Вселенная для Копейцева — домашние тапки. Он надевает ее бездумно и буднично, шерудя стопой, чтобы удобнее села. Наверное, Копейцев знает о штурме Архива, знает о Небесном Снайпере. Знает, как это можно — любить Лю и умереть из-за Хозяйки Холмов.
Слетев с холмов, Романчук ехал домой по угреватой, побитой оспинами коже улиц. Иногда кожу утюжили желтые катки, и она становилась смуглой, новой и липла к подошвам и шинам. Сейчас, после дождя, асфальт матово зеленел. “Аномал”, — сказала на Диму одна из врачей в военкомате. Это значило — дальтоник, которому позволено защищать родину. “Ничего, Леонардо да Винчи тоже был аномал!” — подбодрил второй, хлопнув Диму по спине.
Романчук не прошел по плоскостопию.
Зеленый был главным цветом, подумалось ему сейчас. Зеленого на земле было больше, чем любого другого. И оттенков его больше. Столько травы! Интересно, первый человек, назвавший зеленый — зеленым, что он увидел? Молодую траву? Глаза любимой женщины-самки? Кустарник, дерево? Какой кустарник, дерево? Все зеленые, все разные...

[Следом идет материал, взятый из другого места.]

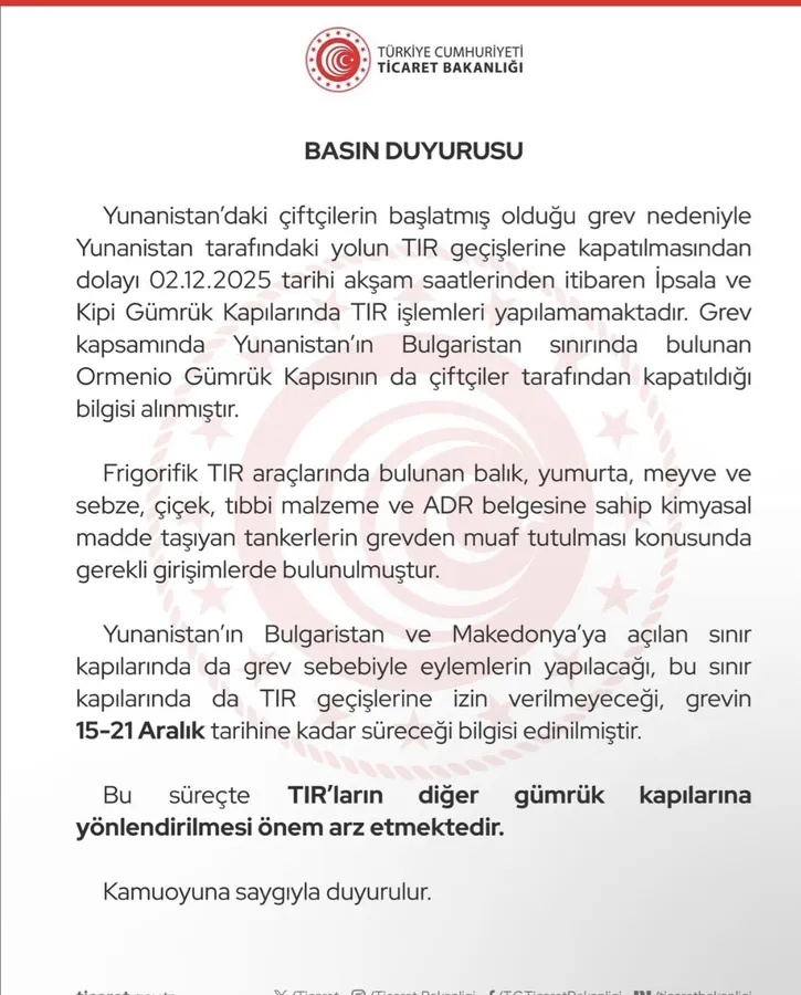 T.C. Gümülcine Başkonsolosluğu’ndan alınan resmi bilgi grevin bölgedeki lojistik akışı ciddi şekilde sekteye uğrattığını ortaya koyuyor.

Романчук заволновался, чуть не наехав на прохожего: почему-то это было очень важно — какой зеленый первичен. Ящерица, изумруд, утренняя дымка, дерево? Тут была тайна всего мира, начальная точка отсчета, хитро запрятанный конец гордиева узла. Ведь если изначальный зеленый на самом деле светло-зеленый, как салат, или голубоватый, как репейник, сдвигаются и все остальные цвета! Тогда синий — голубой, красный — оранжевый...
А если сдвигаются цвета, то и остальное...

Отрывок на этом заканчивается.